Dziś byłysmy u weta. Uszka lepiej. Stan zapalny wyleczony, jeszcze 6 dni doleczania i będzie ok. Grzybicy Tigra nie ma. Zatem - alergia pokarmowa. Objawy typowe: rany na głowie i karku (zamieniające się w strupki, które same odpadają). Tygryska od momentu zamieszkania z nami jadła Acanę i przy Acanie trochę te strupki zniknęły (nie do końca). Po przestawieniu na Brita nagle ranki i strupki znów sie pojawiły plus ta infekcja uszu. Wstępne moje podejrzenie padło na pszenicę jako na alergen (Acana chyba nie ma w swoim składzie, Brit ma). Może coś jeszcze. Zamawiam Trovet RRD i wdrażam dietę eliminacyjną, zgodnie z zaleceniem wetki. Zobaczymy.
A poza tym - u weta Tigra zobaczyła dużego psa. Chyba zniesmaczył ją ten widok, bo z kota zrobił się kot w wersji "pchychająco-warcząca szczotka do czyszczenia butelek, drapiąca na oślep".

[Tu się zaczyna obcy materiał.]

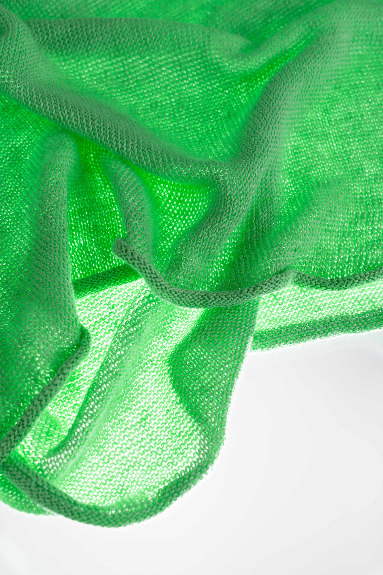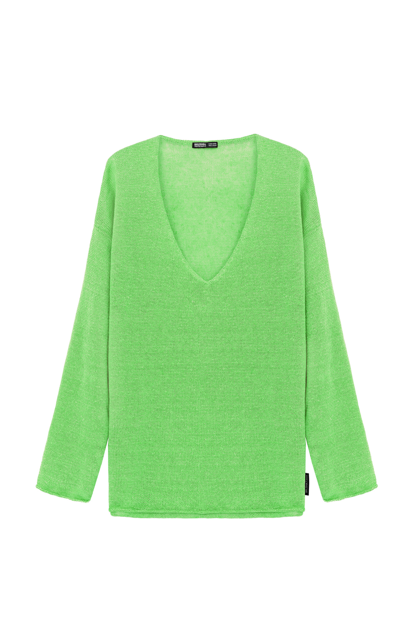 Трикотажный джемпер из 100% льна. Модель свободного силуэта с длинным рукавом и с V-образным вырезом горловины. Изделие декорировано брендированным ярлыком сбоку и валиками по низу.

Ponadto - ostatecznie podjęłam decyzję o zakupie samochodu. Niestety to się uda dopiero około czerwca przyszłego roku

Ale nie mam wyjścia. Tigra jednak nadal ma chorobę lokomocyjną, a ja czuję się fatalnie prosząc ciągle o transport rodziców. Naprawdę, jeśli Tigry się nie kocha bezwarunkowo, to jazda z nią w samochodzie jest bardzo nieprzyjemnym doznaniem... Jest jeszcze jedno rozwiązanie - zrobię casting na kierowcę
Muszę powiedzieć jeszcze jedną rzecz: zawsze jest mi niezmiernie miło, gdy wetka tak po prostu, jakby to było oczywiste, że tak należy robić czyści transporter Tigry z koopali, sioo i wymiotów. Chyba nie należy to do jej obowiązków, a robi to zawsze. Ja wiem, że Tigra nie jest łatwym pacjentem. Ale nie odczuwam tego w tej przychodni. I do tego jeszcze dziś znów zapłaciłam tylko za lekarstwo (na skórę, żeby się zagoiły te strupki). 9 złotych. Uważam, że weci opiekujący się moimi kotami są po prostu fajnymi ludźmi.